**WORK REQUIRED**
Retype exactly the span of lines below from the one with "项目风险可控,其安全生产条件和安全管理方面具备竣工安全验收的条件。 | |||||" through the one with "White Tulle Zipper". Do not include pictures.

___ DATA SHOWN

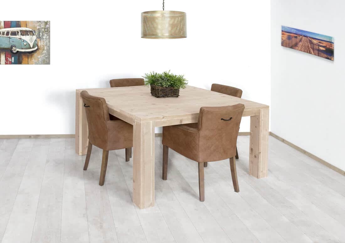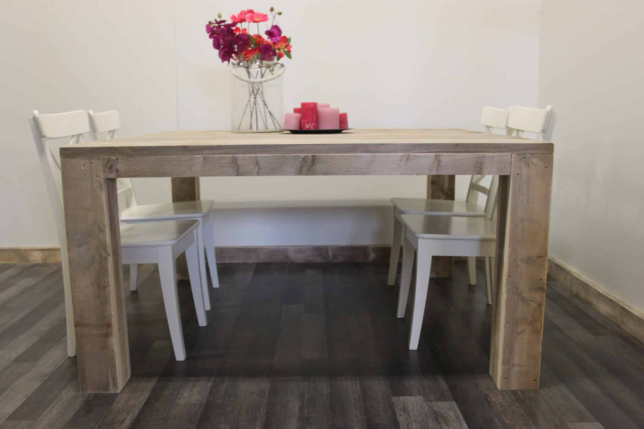 Deze vierkante steigerhouten tafel is één van de grootste tafels in ons assortiment. Deze tafel biedt ruimte voor acht personen (1.50 x 1.50). Ook is die zeer geschikt als vergadertafel of als presentatietafel in een winkel.
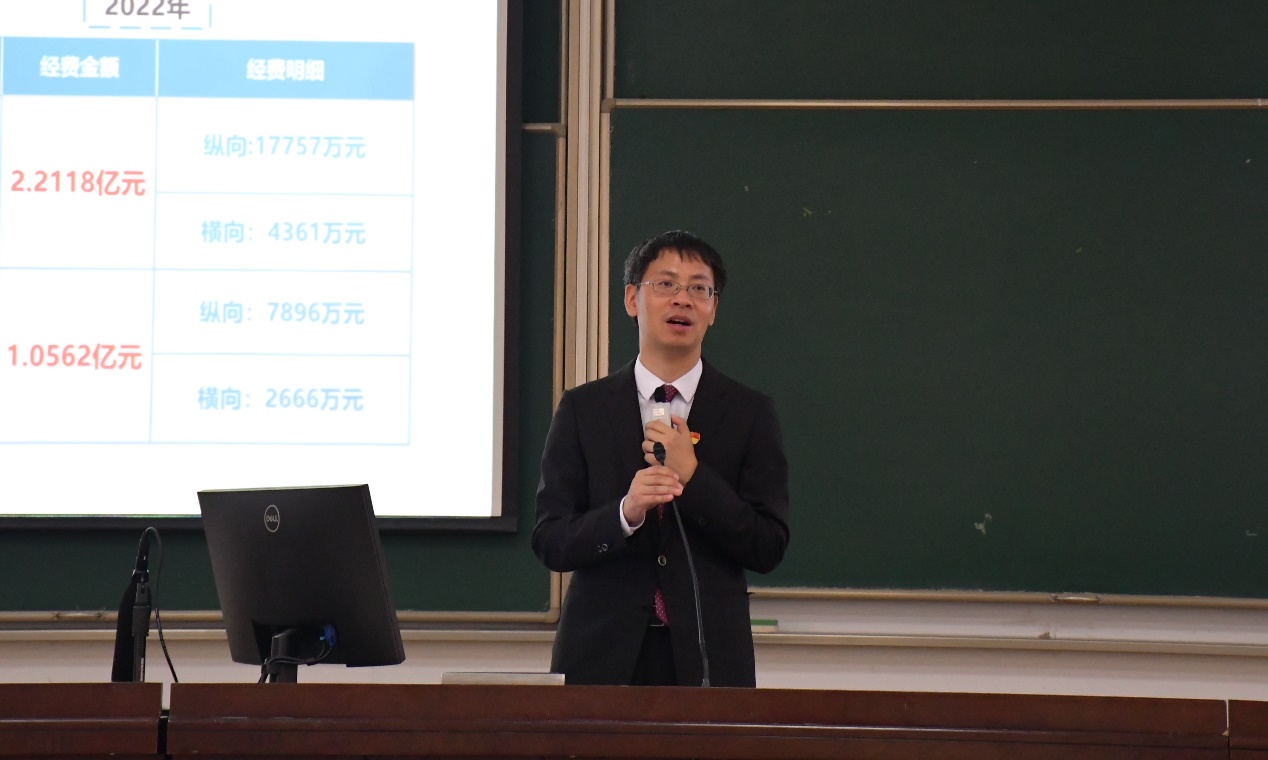 随后,学院常务副院长潘时龙作了“行远自迩、踔厉奋发,实现学院高质量发展”的大会报告,报告从党建工作、学科建设、人才培养、师资队伍、科学研究和国际合作六个方面介绍了学院“十四五”以来学院的发展现状,对学院建设发展近年来取得成绩作了详尽介绍,对全院教职工的努力工作表示感谢。对于学院未来发展,他强调,学院下一个发展目标是争创学校下一个“双一流”学科,全体教职工要牢记立德树人根本任务,以党建工作引领学院思政教育和师德师风建设,培育优良的学院文化;要加大开放办学,走出“象牙塔”思考发展,近年来学院各类平台快速发展,国家级人才数量不断增加,希望学院教职工要充分利用学院构建的平台,借助学院优势资源,加快提升自身水平,瞄准国家重大战略需求,在祖国急需的方向上做出更大贡献;要进一步加强产学研合作,主动对接社会需求,进一步提升成果转化能力。
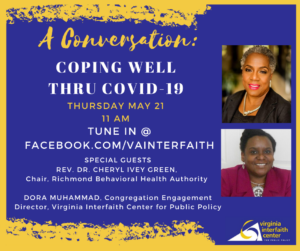 Make sure to tune in at 11am on Thursday, May 21 to hear from Rev. Dr. Cheryl Ivey Green, Chair of the Richmond Behavioral Health Authority, and Dora Muhammad, VICPP Congregational Engagement Director.
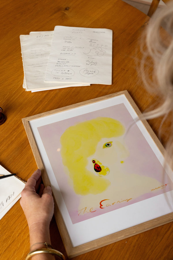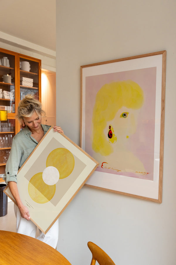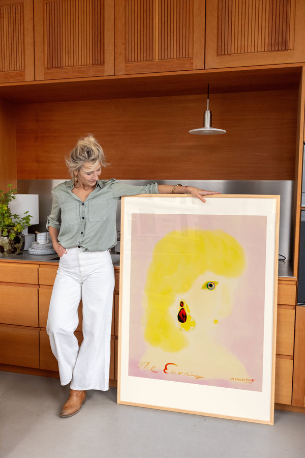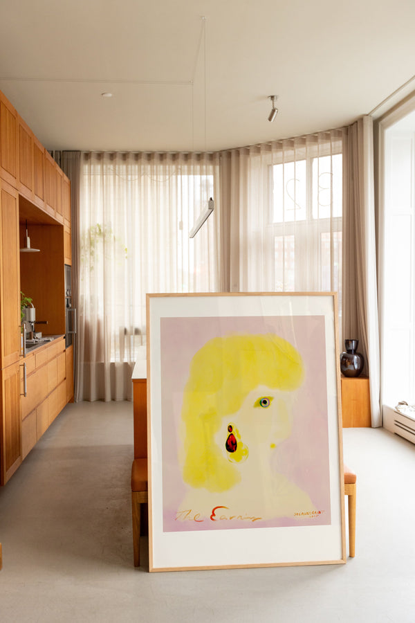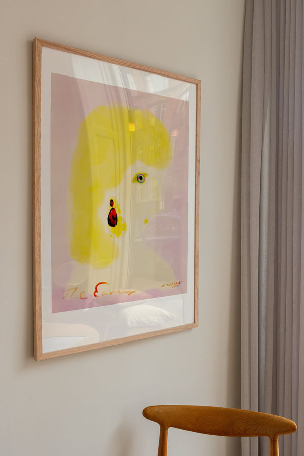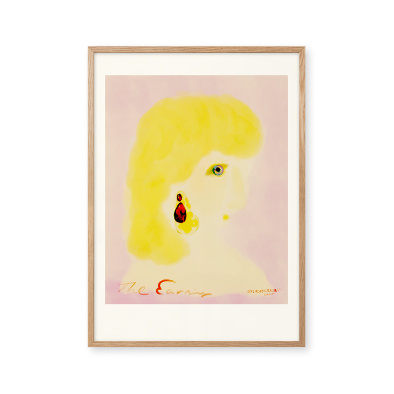 Kunstplakaten: "The Earring” er skabt af kunstneren Das Rotes Rabbit og er en del af en kunstserie eksklusivt lavet til Peléton. Serien har karakter og personlighed og fungerer perfekt som et statement piece eller i samspil med de øvrige værker i serien. Farverne og den minimalistiske stil smelter sammen og skaber et harmonisk udtryk, der tilføjer dybde og elegance til ethvert rum.
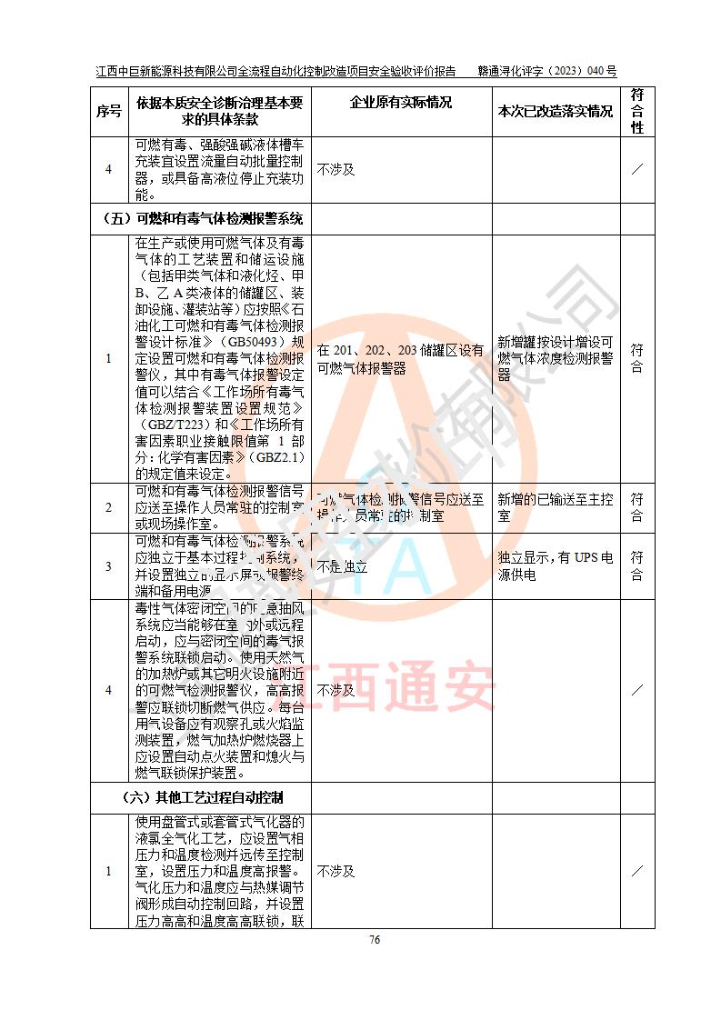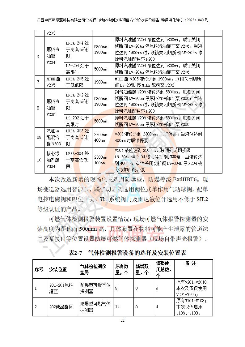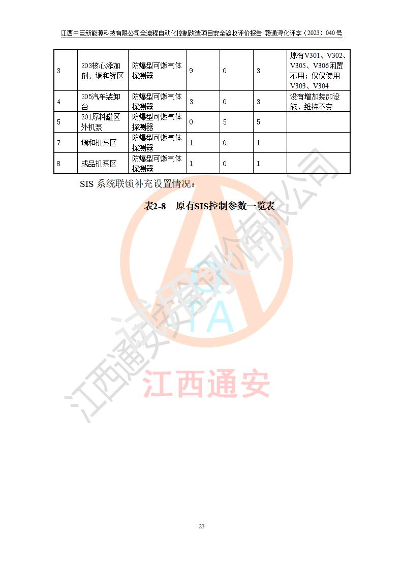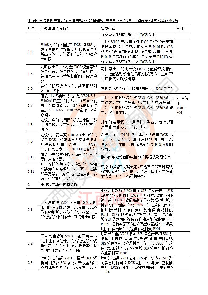 评价结论 | 江西中巨新能源科技有限公司10万t/a复合无铅催化醇醚汽油生产线全流程自动化控制改造项目自控设施生产现场情况与安全设计图纸一致(资质单位设计),按设计要求,完善了PLC、SIS、GDS系统。项目选择的仪表设备设施的安全可靠性能达到赣应急字〔2021〕190 号文件等**法规、标准规定要求。 项目风险可控,其安全生产条件和安全管理方面具备竣工安全验收的条件。 | |||||
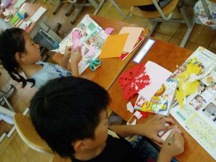 1年生は,図画工作科の時間にハサミを使って折り紙を切り『かざり作り』をしています。折り方や切り取る場所をかえることで,いろいろな模様が出来上がります。
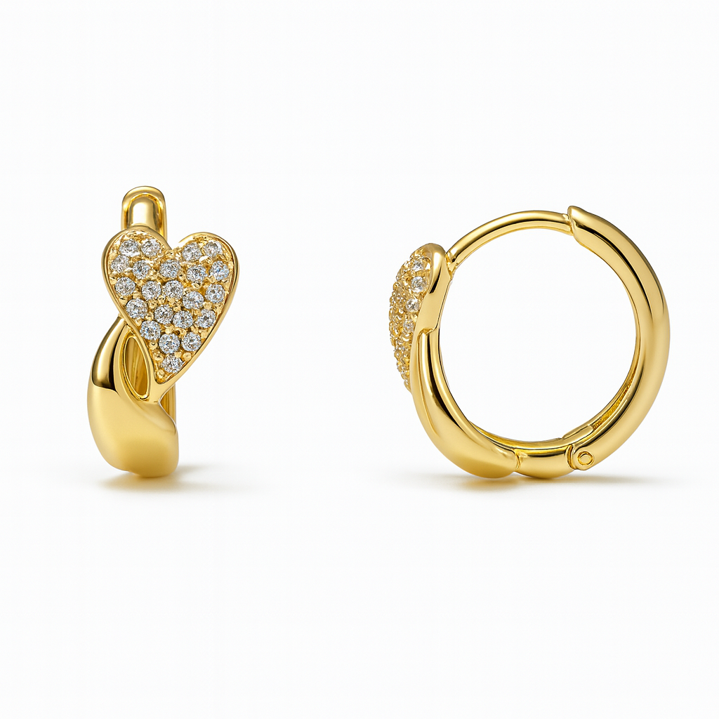 Kadın Xuping Çelik Küpe - Kalp Tasarım - Sıralı Beyaz Zirkon Taşlı - Altın Renk
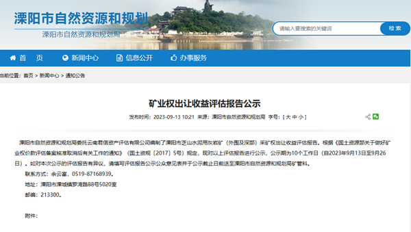 江蘇溧陽又有大礦要出!出讓評估收益超3億元
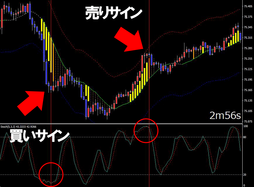 特徴としては主にボックス相場(レンジ相場)にて『%Kと%Dという2本の線を用いて明確に売買シグナルが出る』ということです。
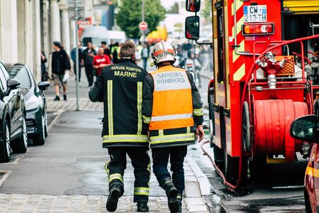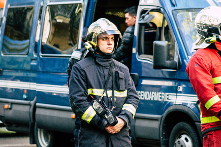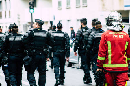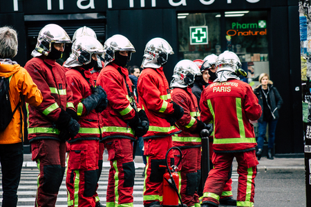 Paris France May 04, 2019 View of a French firefighters walking in the street during protests of the Yellow jackets against the policy of President Macron in Paris on saturday afternoon
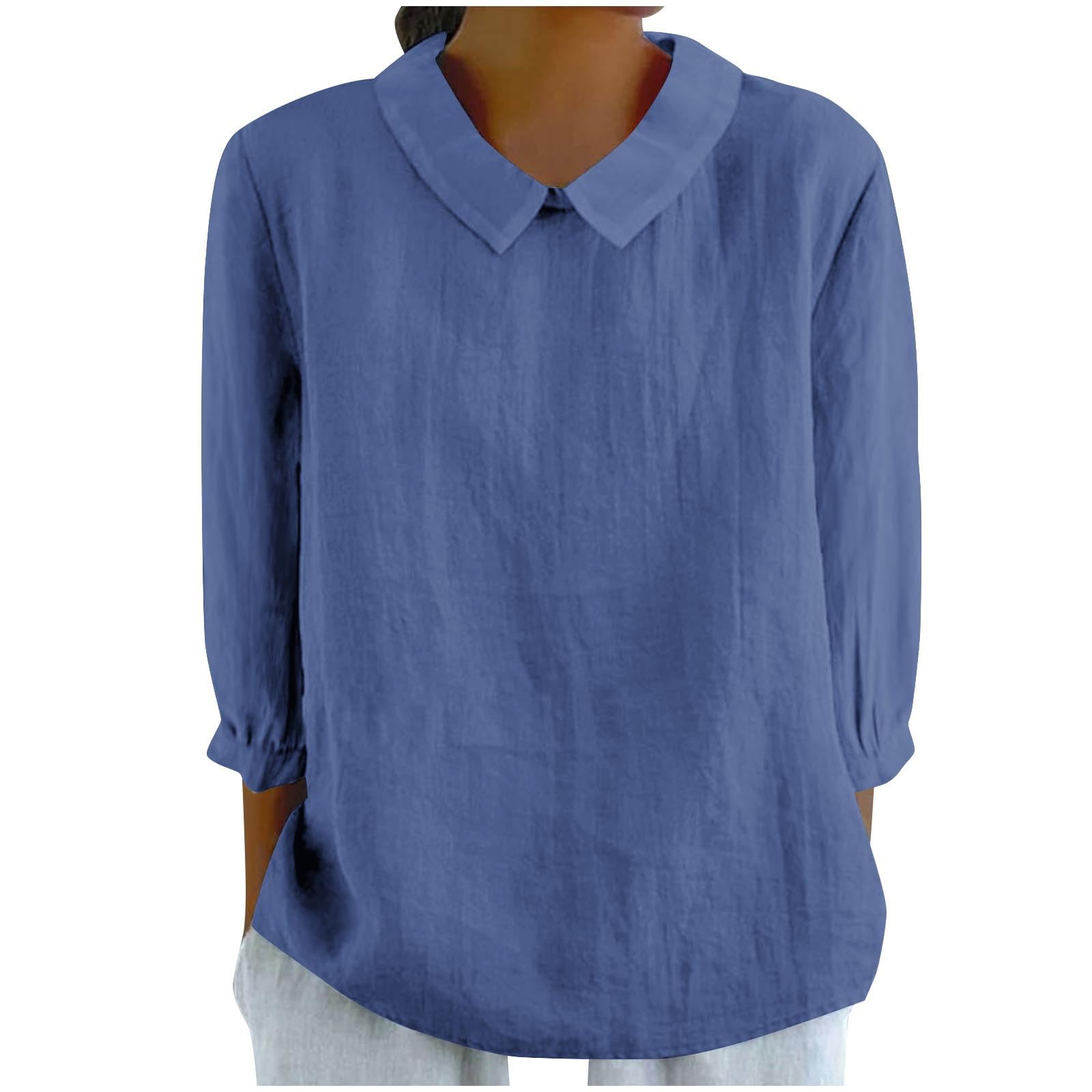 Womens 3/4 Sleeve Linen Shirts Cute Collared Tops Spring Summer Clothes Casual Plain Gauzy Tunic Tshirt Blouses|Clothing
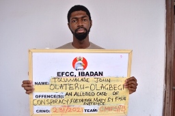 The Economic and Financial Crimes Commission, EFCC, Ibadan Zonal Command on Tuesday, October 12, 2021, arraigned one Toluwalade John Olateru Olagbegi before Justice Uche Agomoh of the Federal High Court one sitting in Ibadan on one count charge bordering on obtaining money by false pretence to the tune of Thirty Five Million Five Hundred Thousand Naira (N35,500,000:00) .
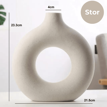 Hver AuraDonut Vase er håndlavet til perfektion og tilbyder en glat, delikat overflade, der afspejler kvalitetshåndværk. Dens hule centrum giver mulighed for en iøjnefaldende fremvisning af blomster, pampasgræs eller endda fjer, hvilket gør den til en alsidig dekoration til enhver lejlighed. Det enkle, men modige design fungerer problemfrit med andre dekorative genstande, og forstærker ethvert rum med en kunstnerisk flair.
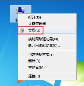 1. 右鍵點(diǎn)擊桌面上的“計算機(jī)”圖標(biāo),在右鍵菜單中點(diǎn)擊“管理”:
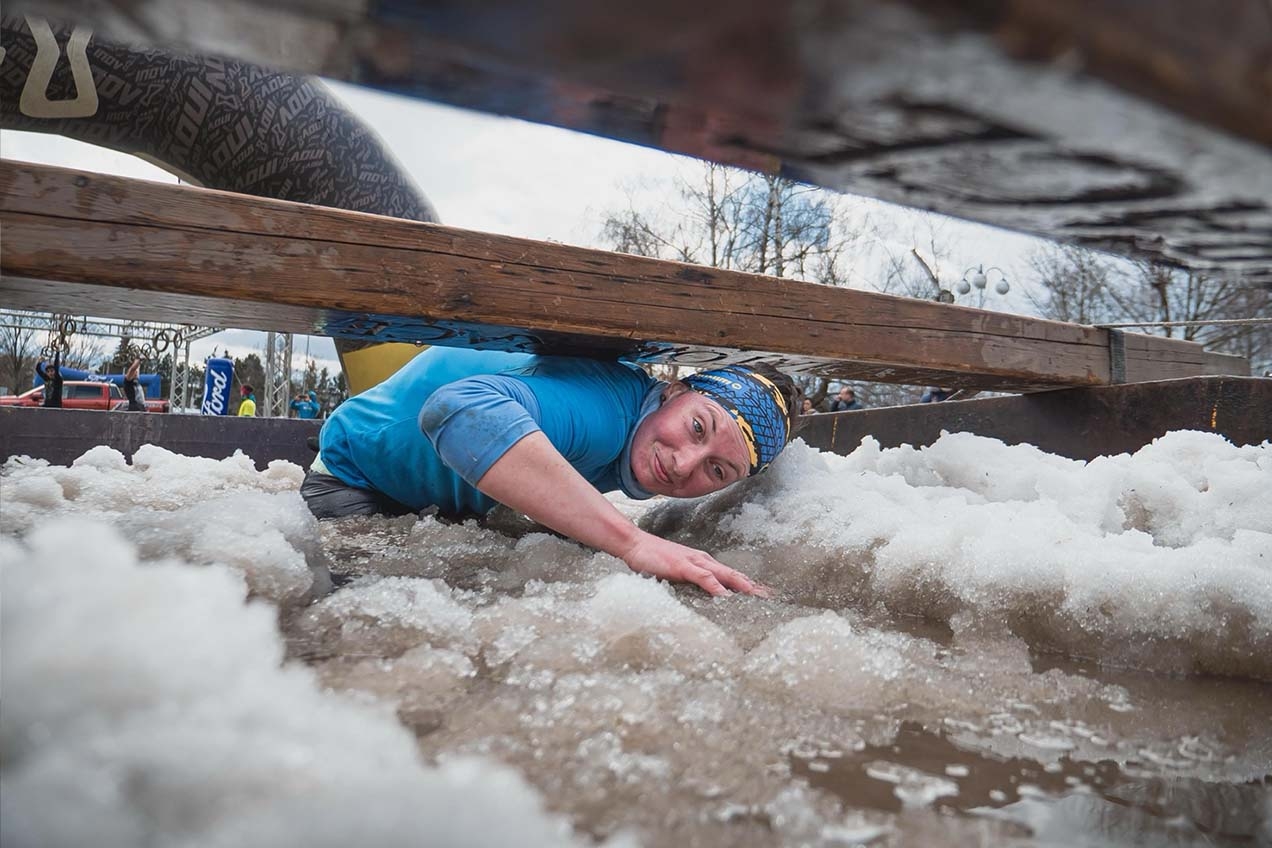 Vodní překážka v podobě jámy nebo kontejneru, která je doplněna sněhem a vodou. Závodník (závodnice) musí překonat překážku v celé délce. Pokud je opatřena zábranou, musí překonávat vždy spodem.
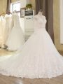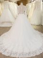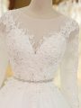 White Tulle Zipper Wedding Gown Long Sleeves Chapel Train Beading and Lace and Appliques
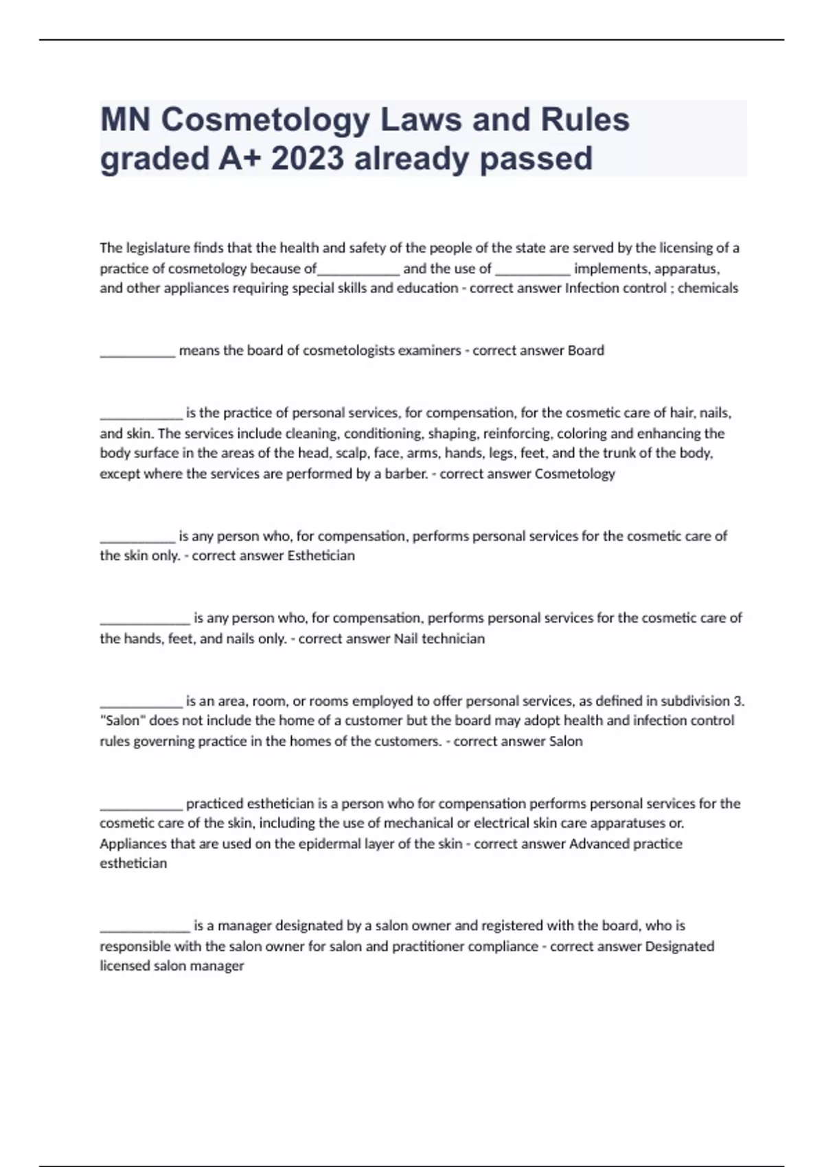 MN Cosmetology Laws and Rules graded A+ 2023 already passedThe legislature finds that the health and safety of the people of the state are served by the licensing of a practice of cosmetology because of___________ and the use of __________ implements, apparatus, and other appliances requiring special skills and education - correct answer Infection control ; chemicals __________ means the board of cosmetologists examiners - correct answer Board ___________ is the practice of personal services, for compensation, for the cosmetic care of hair, nails, and skin. The services include cleaning, conditioning, shaping, reinforcing, coloring and enhancing the body surface in the areas of the head, scalp, face, arms, hands, legs, feet, and the trunk of the body, except where the services are performed by a barber. - correct answer Cosmetology __________ is any person who, for compensation, performs personal services for the cosmetic care of the skin only. - correct answer Esthetician ____________ is any person who, for compensation, performs personal services for the cosmetic care of the hands, feet, and nails only. - correct answer Nail technician ___________ is an area, room, or rooms employed to offer personal services, as defined in subdivision 3. "Salon" does not include the home of a customer but the board may adopt health and infection control rules governing practice in the homes of the customers. - correct answer Salon ___________ practiced esthetician is a person who for compensation performs personal services for the cosmetic care of the skin, including the use of mechanical or electrical skin care apparatuses or. Appliances that are used on the epidermal layer of the skin - correct answer Advanced practice esthetician ____________ is a manager designated by a salon owner and registered with the board, who is responsible with the salon owner for salon and practitioner compliance - correct answer Designated licensed salon manager

______

**EXERCISE RESULT**
 评价结论 | 江西中巨新能源科技有限公司10万t/a复合无铅催化醇醚汽油生产线全流程自动化控制改造项目自控设施生产现场情况与安全设计图纸一致(资质单位设计),按设计要求,完善了PLC、SIS、GDS系统。项目选择的仪表设备设施的安全可靠性能达到赣应急字〔2021〕190 号文件等**法规、标准规定要求。 项目风险可控,其安全生产条件和安全管理方面具备竣工安全验收的条件。 | |||||
 1年生は,図画工作科の時間にハサミを使って折り紙を切り『かざり作り』をしています。折り方や切り取る場所をかえることで,いろいろな模様が出来上がります。
 Kadın Xuping Çelik Küpe - Kalp Tasarım - Sıralı Beyaz Zirkon Taşlı - Altın Renk
 江蘇溧陽又有大礦要出!出讓評估收益超3億元
 特徴としては主にボックス相場(レンジ相場)にて『%Kと%Dという2本の線を用いて明確に売買シグナルが出る』ということです。
 Paris France May 04, 2019 View of a French firefighters walking in the street during protests of the Yellow jackets against the policy of President Macron in Paris on saturday afternoon
 Womens 3/4 Sleeve Linen Shirts Cute Collared Tops Spring Summer Clothes Casual Plain Gauzy Tunic Tshirt Blouses|Clothing
 The Economic and Financial Crimes Commission, EFCC, Ibadan Zonal Command on Tuesday, October 12, 2021, arraigned one Toluwalade John Olateru Olagbegi before Justice Uche Agomoh of the Federal High Court one sitting in Ibadan on one count charge bordering on obtaining money by false pretence to the tune of Thirty Five Million Five Hundred Thousand Naira (N35,500,000:00) .
 Hver AuraDonut Vase er håndlavet til perfektion og tilbyder en glat, delikat overflade, der afspejler kvalitetshåndværk. Dens hule centrum giver mulighed for en iøjnefaldende fremvisning af blomster, pampasgræs eller endda fjer, hvilket gør den til en alsidig dekoration til enhver lejlighed. Det enkle, men modige design fungerer problemfrit med andre dekorative genstande, og forstærker ethvert rum med en kunstnerisk flair.
 1. 右鍵點(diǎn)擊桌面上的“計算機(jī)”圖標(biāo),在右鍵菜單中點(diǎn)擊“管理”:
 Vodní překážka v podobě jámy nebo kontejneru, která je doplněna sněhem a vodou. Závodník (závodnice) musí překonat překážku v celé délce. Pokud je opatřena zábranou, musí překonávat vždy spodem.
 White Tulle Zipper Wedding Gown Long Sleeves Chapel Train Beading and Lace and Appliques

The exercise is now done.